◆ Dataset extract:
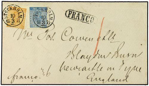 1871 (10 Marzo) ESTOCOLMO a NEWCASTLE (Gran Bretaña), a donde llegó el 16 de Marzo. Franqueada con sellos de 12 öre (Facit 9 x3) y 24 öre (Facit 10 h2).
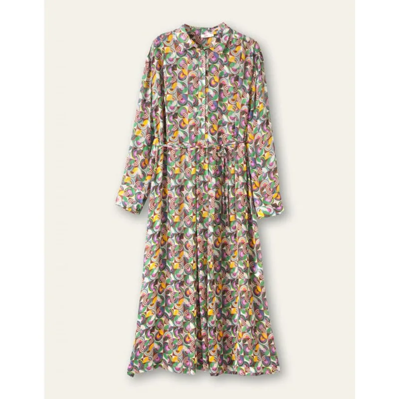 Zwier sierlijk en vrij in deze weelderige, losvallende viscose jurk. Met bijpassend ceintuur, groene knoopjes en plooitjes op de juiste plekken. De slipdress is in poederroze zodat de geometrische vormen en kleuren mooi uitkomen. - 100% Viscose - Met slipdress - Loose fit - Multicoloured
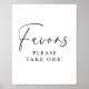 Cette Elégante Fête des mariées manuscrite Favors Poster dispose d'une élégante conception manuscrite en noir et blanc qui dit "Favors" dans une police propre et sophistiquée. Faites une déclaration à votre douche nuptiale avec cette enseigne chic qui dirige les invités vers la table ou la zone de faveur. Le design simple et élégant donne le ton à un événement moderne et élégant. Placez cette affiche dans un cadre et accrochez-la au mur ou au chevalet, ou appuyez-la sur la table des faveurs. La palette minimaliste noir et blanc fonctionne avec n'importe quelle palette de couleurs de douche nuptiale. Ce panneau de faveur est idéal pour la mariée qui cherche à ajouter des touches simples et élégantes à son décor de douche nuptiale. La conception manuscrite ajoute une touche personnelle et intime. Surprenez et enchantez vos invités avec cette belle affiche qui élève votre douche nuptiale au niveau de sophistication supérieur.
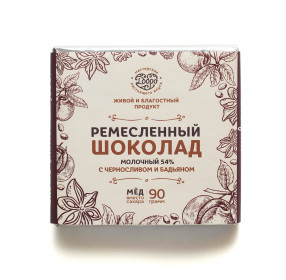 Шоколад молочный, 54% какао, на меду, с черносливом и бадьяном, 90 г
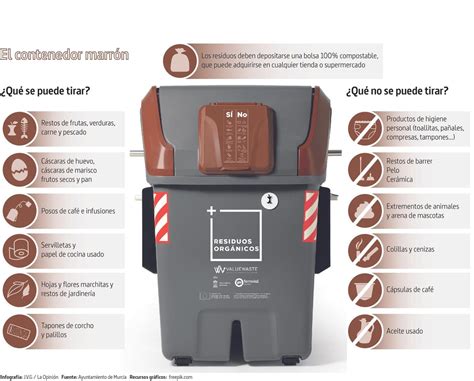 | Desechos Orgánicos | Marrón | Restos de comida, posos de café, cáscaras de huevo | Pañales, compresas, colillas |
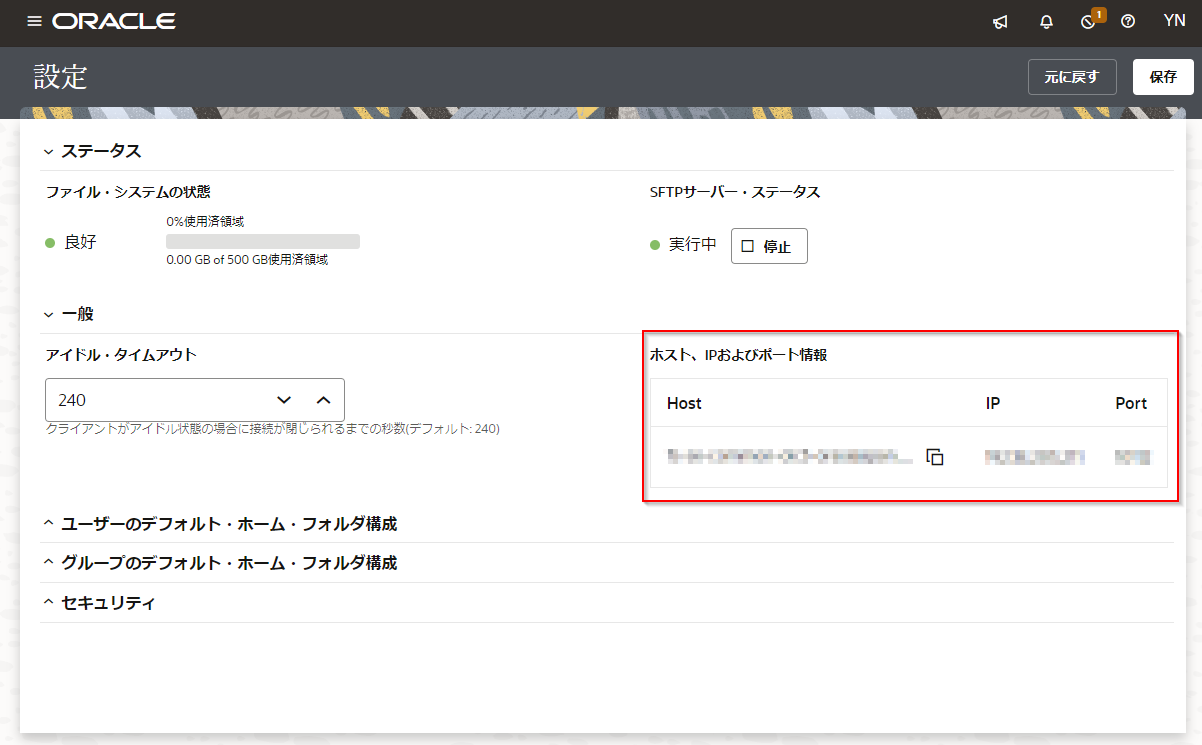 FTP アダプタ接続を作成するためには、FTP サーバーのホスト名または IP アドレスとポート番号が必要です。 Oracle Integration Cloud 組み込みの SFTP サーバーの IP アドレスとポート番号は、次の手順で確認できます。
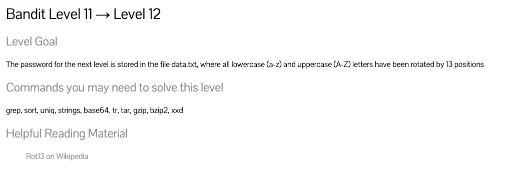 bandit11@bandit:~$ cat data.txt | tr 'A-Za-z' 'N-ZA-Mn-za-m'
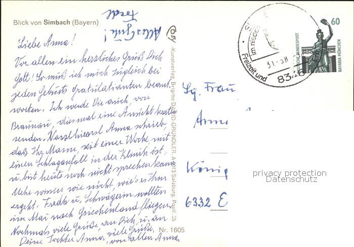 72498722 alte Postkarte Braunau Inn Blick von Simbach postalisch gelaufen Erhaltung siehe scans KatCode: 11390311040404
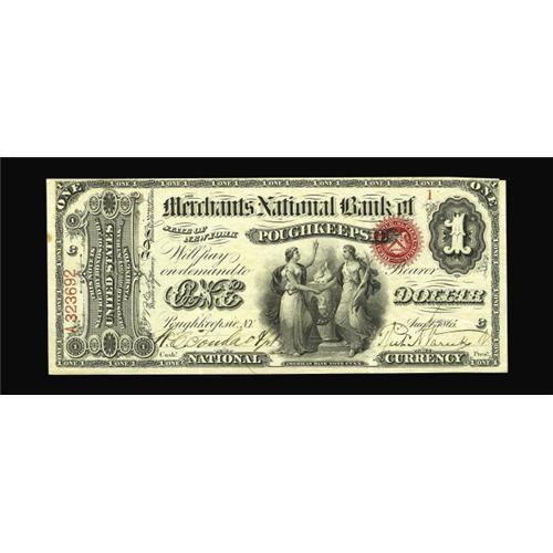 <B>Poughkeepsie, NY</B></I> - $1 Original Fr. 380 <B>The Merchants NB</B></I> Ch. # 1380<BR>This note last appeared in the 1979 NASCA sale where is was very conservatively graded and realized a then princely sum of $850. The days of acquiring a magnificent example as this at those prices are long gone. This lovely note bears the presence of two folds placed long ago with a touch of light handling. The classic pen signatures remain bold on very crisp surfaces that do not show their age. In terms of condition this <B>Extremely Fine-About Uncirculated</B></I> beauty ranks as one of the best Serial Number One Original Series notes for the state.
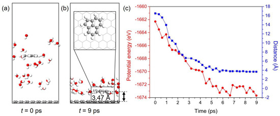 An exemplified model of Ace/Gr system was used to perform AIMD simulation to further study the dynamic behavior of PAHs adsorbed on Gr. One Ace molecule is placed in the water environment, and the distance between Ace and Gr is approximately 16 Å in the initial simulation box, as shown in Figure 7a. Ace molecule is finally adsorbed onto Gr and floated in a coplanar configuration after AIMD simulation of 9 ps. In addition, Ace molecule ends in an adsorption configuration that is different from the one obtained from DFT calculations. This can be explained by the temperature induced energy fluctuations in the AIMD simulation. This also indicates that the PAHs can diffuse or rotate on the Gr surface even under low or room temperature as the energy differences between various adsorption configurations are relatively small (see Supplementary Table S1 for details). According to simulation results, the equilibrium distance between Ace and Gr is approximately 3.47 Å, which is slightly larger than the value obtained from DFT calculation. The evolution of the potential energy and distance between Ace and Gr with respect to the time of the AIMD simulation is shown in Figure 7b. The potential energies and distances of the adsorption systems continuously reduce before the equilibrium state is achieved. PAHs have been proved to possess negligible or limited hydrogen bonding capacity [69]. Therefore, the adsorption of PAHs onto Gr cannot be directly promoted by the hydrogen-bonding interaction, whereas the water molecules around Ace can construct a hydrogen-bonding network. The adsorbates onto Gr can be further stabilized by the network through limiting their movement. Even though the hydrophobic interactions were demonstrated to be the primary driving force for PAHs adsorption, Ace can still interact with water molecules through the hydrogen bonds because of hydrogen atoms. Thereby, we conclude that the hydrogen bonds should exist between the interface of adsorbates and water, and they can further stabilize the adsorption systems. Therefore, the AIMD simulation indicates that the PAHs pollutants can be quickly captured by Gr and confirm the potential of Gr to adsorb and remove these aromatic pollutants.
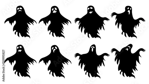 Ghost set. Spooky halloween silhouette.

◆ Aim of the exercise: All of the material above is to be retyped exactly, with no pictures included.

◆ Task response:
 1871 (10 Marzo) ESTOCOLMO a NEWCASTLE (Gran Bretaña), a donde llegó el 16 de Marzo. Franqueada con sellos de 12 öre (Facit 9 x3) y 24 öre (Facit 10 h2).
 Zwier sierlijk en vrij in deze weelderige, losvallende viscose jurk. Met bijpassend ceintuur, groene knoopjes en plooitjes op de juiste plekken. De slipdress is in poederroze zodat de geometrische vormen en kleuren mooi uitkomen. - 100% Viscose - Met slipdress - Loose fit - Multicoloured
 Cette Elégante Fête des mariées manuscrite Favors Poster dispose d'une élégante conception manuscrite en noir et blanc qui dit "Favors" dans une police propre et sophistiquée. Faites une déclaration à votre douche nuptiale avec cette enseigne chic qui dirige les invités vers la table ou la zone de faveur. Le design simple et élégant donne le ton à un événement moderne et élégant. Placez cette affiche dans un cadre et accrochez-la au mur ou au chevalet, ou appuyez-la sur la table des faveurs. La palette minimaliste noir et blanc fonctionne avec n'importe quelle palette de couleurs de douche nuptiale. Ce panneau de faveur est idéal pour la mariée qui cherche à ajouter des touches simples et élégantes à son décor de douche nuptiale. La conception manuscrite ajoute une touche personnelle et intime. Surprenez et enchantez vos invités avec cette belle affiche qui élève votre douche nuptiale au niveau de sophistication supérieur.
 Шоколад молочный, 54% какао, на меду, с черносливом и бадьяном, 90 г
 | Desechos Orgánicos | Marrón | Restos de comida, posos de café, cáscaras de huevo | Pañales, compresas, colillas |
 FTP アダプタ接続を作成するためには、FTP サーバーのホスト名または IP アドレスとポート番号が必要です。 Oracle Integration Cloud 組み込みの SFTP サーバーの IP アドレスとポート番号は、次の手順で確認できます。
 bandit11@bandit:~$ cat data.txt | tr 'A-Za-z' 'N-ZA-Mn-za-m'
 72498722 alte Postkarte Braunau Inn Blick von Simbach postalisch gelaufen Erhaltung siehe scans KatCode: 11390311040404
 <B>Poughkeepsie, NY</B></I> - $1 Original Fr. 380 <B>The Merchants NB</B></I> Ch. # 1380<BR>This note last appeared in the 1979 NASCA sale where is was very conservatively graded and realized a then princely sum of $850. The days of acquiring a magnificent example as this at those prices are long gone. This lovely note bears the presence of two folds placed long ago with a touch of light handling. The classic pen signatures remain bold on very crisp surfaces that do not show their age. In terms of condition this <B>Extremely Fine-About Uncirculated</B></I> beauty ranks as one of the best Serial Number One Original Series notes for the state.
 An exemplified model of Ace/Gr system was used to perform AIMD simulation to further study the dynamic behavior of PAHs adsorbed on Gr. One Ace molecule is placed in the water environment, and the distance between Ace and Gr is approximately 16 Å in the initial simulation box, as shown in Figure 7a. Ace molecule is finally adsorbed onto Gr and floated in a coplanar configuration after AIMD simulation of 9 ps. In addition, Ace molecule ends in an adsorption configuration that is different from the one obtained from DFT calculations. This can be explained by the temperature induced energy fluctuations in the AIMD simulation. This also indicates that the PAHs can diffuse or rotate on the Gr surface even under low or room temperature as the energy differences between various adsorption configurations are relatively small (see Supplementary Table S1 for details). According to simulation results, the equilibrium distance between Ace and Gr is approximately 3.47 Å, which is slightly larger than the value obtained from DFT calculation. The evolution of the potential energy and distance between Ace and Gr with respect to the time of the AIMD simulation is shown in Figure 7b. The potential energies and distances of the adsorption systems continuously reduce before the equilibrium state is achieved. PAHs have been proved to possess negligible or limited hydrogen bonding capacity [69]. Therefore, the adsorption of PAHs onto Gr cannot be directly promoted by the hydrogen-bonding interaction, whereas the water molecules around Ace can construct a hydrogen-bonding network. The adsorbates onto Gr can be further stabilized by the network through limiting their movement. Even though the hydrophobic interactions were demonstrated to be the primary driving force for PAHs adsorption, Ace can still interact with water molecules through the hydrogen bonds because of hydrogen atoms. Thereby, we conclude that the hydrogen bonds should exist between the interface of adsorbates and water, and they can further stabilize the adsorption systems. Therefore, the AIMD simulation indicates that the PAHs pollutants can be quickly captured by Gr and confirm the potential of Gr to adsorb and remove these aromatic pollutants.
 Ghost set. Spooky halloween silhouette.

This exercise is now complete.